__What the task requires__. Take every record and write it out again exactly, with no images included.

__Entries shown__.
┌──

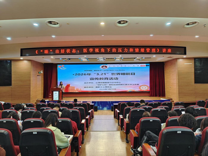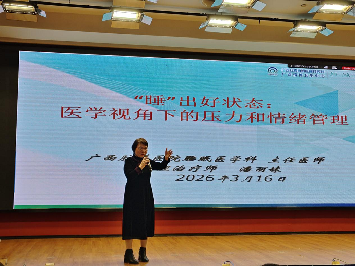 为积极响应“健康第一”教育理念,落实教育部2026新春第一会的会议精神,以专业力量守护师生睡眠健康,助力学生全面发展,近日,由心理健康教育与咨询中心、“守护心灯”家校医协同育心高水平工作室主办,教职工心理协会协办的《“睡”出好状态:医学视角下的压力和情绪管理专题讲座》在校本部科技楼报告厅举行。讲座特邀2019年“第一届广西优秀医师奖”获得者、广西脑科医院睡眠医学科主任医师、心理治疗师潘丽妹主讲,心理健康教育与咨询中心副主任张瑜主持,全校近300名师生参与。
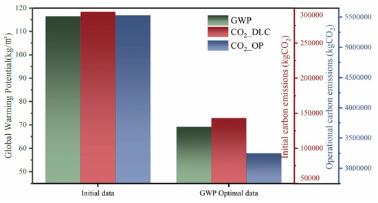 At the level of carbon emissions from buildings, excessive carbon emissions can lead to a sharp increase in greenhouse gases and waste of energy resources, which in turn can lead to building environmental problems such as the heat island effect. The issue of how to effectively reduce carbon emissions is critical to improving building performance [18,19,20,21,22,23,24,25,26,27,28,29,30,31,32,33,34,35]. For example, the following scholars have conducted relevant studies: Zhang et al. investigated the impact of three objectives, GWP, global cost (GC), and operational energy (OE), on the ability to optimize building performance. The article found that the use of meta-model optimization resulted in a reduction of 12.7%, 6.7%, and 7.4% in the three metrics, respectively [22]. Yu et al. optimized the design process by establishing a parametric optimization to minimize GWP, energy consumption, and life cycle costs (LCCs). The results showed that optimizing all variables can achieve good building performance results [23]. Wang et al. examined the abatement potential of HFC emissions. The results indicated that the total GHG reduction capacity by 2050 is approximately equal to 10% of the total carbon emissions from the Chinese construction sector [24]. Honarvar et al. examined the evolution of buildings over their life cycle, and the results showed that the environmental impact of new materials increases fivefold in terms of GWP. Additionally, according to the circular economy concept, 10% of old and 3% of new housing materials can be returned to the chain, which in turn can reduce the GWP of the building during the life cycle [26]. Zhang et al. examined the effectiveness of buildings in reducing emissions during energy efficiency retrofits. The results show that retrofitting existing buildings can reduce considerable CO2 equivalent and economic costs [27]. Wang et al. went on to improve environmental issues by examining building performance issues at life cycle costs. The results of the study showed that optimizing energy consumption, thermal comfort, and GWP using a multi-objective optimization algorithm can save the designer time and costs while reducing the range of alternatives [29]. Ansah et al. examined the impact of different façade materials on the environmental and economic costs of buildings in Ghana. The results show that stabilized earth block curtain wall is the most energy-efficient façade material with the highest potential for development, which can reduce GWP by 18.07% and LCC by 47.87% [30]. Javid et al. studied the impact of energy consumption and GWP on buildings. In their paper, economic cost and GWP are used as the optimization objectives, and the results show that the use of optimization can lead to a reduction of 17.79% and 20.8% CO2 equivalent for the two case buildings in the paper, respectively. In addition, buildings should be retrofitted from a life cycle perspective [32]. Hossain et al. studied the impact of building materials on GWP. The results showed that the construction of a 1 m hoarding produces three tons of CO2 equivalent GWP [34]. Van Ooteghem et al. conducted a life cycle perspective to investigate which part of the building’s structure would have the greatest impact on energy consumption and GWP. The results show that the building operation energy level is more influential, accounting for about 91% of the total energy consumption and 88% of the total GWP in terms of GWP [35].
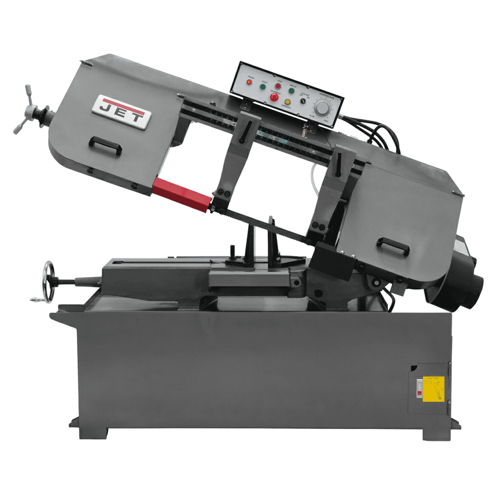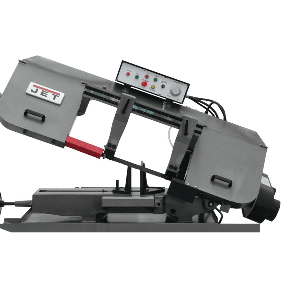 Loaded with operational and Safety features, the Jet HBS-1321W makes starting and completing any job a smooth operation. The semi-automatic bow raises after cut is complete to a predetermined height while the easy access chip tray allows for quick cleanup with help from the cleaning hose and nozzle which assist in washing chips away. Loaded with special features, this Jet saw is perfect for your shop or worksite. Features: Adjustable material stop Built-in, self-propelled blade brush extends blade life Carbide blade guides with roller bearings Coolant is distributed through the blade guides Fully adjustable hydraulic down feed controls the rate of decent Large hand wheel and built-in gauge provides easy blade tensioning Quick-positioning vise lessons set-up time Safety switch shuts off motor if band breaks Variable blade speed allows optimum cutting performance Variable blade speeds from 80 to 260 SFPM
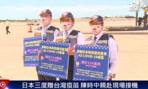 日本国旗と中華民国国旗が施され「ありがとう」と日本語で書かれた特製マスクを着用、中国語と日本後で感謝の意が記されたカードを携えワクチンを出迎えた指揮官は、飛行機から下ろされたアストラゼネカ社製ワクチン保冷器を背景に「日本から提供されたワクチン334万回分、これは全国民の15%をカバーできる」と述べました。
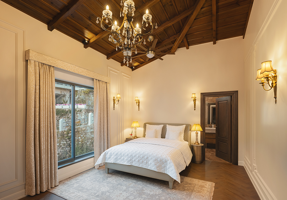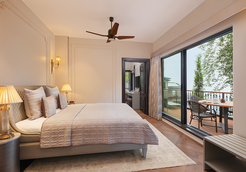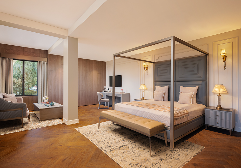 A refined 300 sq. ft. retreat with a king-sized bed and views of the mountains and valley, designed for effortless relaxation. Warm interiors, soft textures, and large windows create a soothing, restful ambience.

└──

__Task solution__.
 为积极响应“健康第一”教育理念,落实教育部2026新春第一会的会议精神,以专业力量守护师生睡眠健康,助力学生全面发展,近日,由心理健康教育与咨询中心、“守护心灯”家校医协同育心高水平工作室主办,教职工心理协会协办的《“睡”出好状态:医学视角下的压力和情绪管理专题讲座》在校本部科技楼报告厅举行。讲座特邀2019年“第一届广西优秀医师奖”获得者、广西脑科医院睡眠医学科主任医师、心理治疗师潘丽妹主讲,心理健康教育与咨询中心副主任张瑜主持,全校近300名师生参与。
 At the level of carbon emissions from buildings, excessive carbon emissions can lead to a sharp increase in greenhouse gases and waste of energy resources, which in turn can lead to building environmental problems such as the heat island effect. The issue of how to effectively reduce carbon emissions is critical to improving building performance [18,19,20,21,22,23,24,25,26,27,28,29,30,31,32,33,34,35]. For example, the following scholars have conducted relevant studies: Zhang et al. investigated the impact of three objectives, GWP, global cost (GC), and operational energy (OE), on the ability to optimize building performance. The article found that the use of meta-model optimization resulted in a reduction of 12.7%, 6.7%, and 7.4% in the three metrics, respectively [22]. Yu et al. optimized the design process by establishing a parametric optimization to minimize GWP, energy consumption, and life cycle costs (LCCs). The results showed that optimizing all variables can achieve good building performance results [23]. Wang et al. examined the abatement potential of HFC emissions. The results indicated that the total GHG reduction capacity by 2050 is approximately equal to 10% of the total carbon emissions from the Chinese construction sector [24]. Honarvar et al. examined the evolution of buildings over their life cycle, and the results showed that the environmental impact of new materials increases fivefold in terms of GWP. Additionally, according to the circular economy concept, 10% of old and 3% of new housing materials can be returned to the chain, which in turn can reduce the GWP of the building during the life cycle [26]. Zhang et al. examined the effectiveness of buildings in reducing emissions during energy efficiency retrofits. The results show that retrofitting existing buildings can reduce considerable CO2 equivalent and economic costs [27]. Wang et al. went on to improve environmental issues by examining building performance issues at life cycle costs. The results of the study showed that optimizing energy consumption, thermal comfort, and GWP using a multi-objective optimization algorithm can save the designer time and costs while reducing the range of alternatives [29]. Ansah et al. examined the impact of different façade materials on the environmental and economic costs of buildings in Ghana. The results show that stabilized earth block curtain wall is the most energy-efficient façade material with the highest potential for development, which can reduce GWP by 18.07% and LCC by 47.87% [30]. Javid et al. studied the impact of energy consumption and GWP on buildings. In their paper, economic cost and GWP are used as the optimization objectives, and the results show that the use of optimization can lead to a reduction of 17.79% and 20.8% CO2 equivalent for the two case buildings in the paper, respectively. In addition, buildings should be retrofitted from a life cycle perspective [32]. Hossain et al. studied the impact of building materials on GWP. The results showed that the construction of a 1 m hoarding produces three tons of CO2 equivalent GWP [34]. Van Ooteghem et al. conducted a life cycle perspective to investigate which part of the building’s structure would have the greatest impact on energy consumption and GWP. The results show that the building operation energy level is more influential, accounting for about 91% of the total energy consumption and 88% of the total GWP in terms of GWP [35].
 Loaded with operational and Safety features, the Jet HBS-1321W makes starting and completing any job a smooth operation. The semi-automatic bow raises after cut is complete to a predetermined height while the easy access chip tray allows for quick cleanup with help from the cleaning hose and nozzle which assist in washing chips away. Loaded with special features, this Jet saw is perfect for your shop or worksite. Features: Adjustable material stop Built-in, self-propelled blade brush extends blade life Carbide blade guides with roller bearings Coolant is distributed through the blade guides Fully adjustable hydraulic down feed controls the rate of decent Large hand wheel and built-in gauge provides easy blade tensioning Quick-positioning vise lessons set-up time Safety switch shuts off motor if band breaks Variable blade speed allows optimum cutting performance Variable blade speeds from 80 to 260 SFPM
 日本国旗と中華民国国旗が施され「ありがとう」と日本語で書かれた特製マスクを着用、中国語と日本後で感謝の意が記されたカードを携えワクチンを出迎えた指揮官は、飛行機から下ろされたアストラゼネカ社製ワクチン保冷器を背景に「日本から提供されたワクチン334万回分、これは全国民の15%をカバーできる」と述べました。
 A refined 300 sq. ft. retreat with a king-sized bed and views of the mountains and valley, designed for effortless relaxation. Warm interiors, soft textures, and large windows create a soothing, restful ambience.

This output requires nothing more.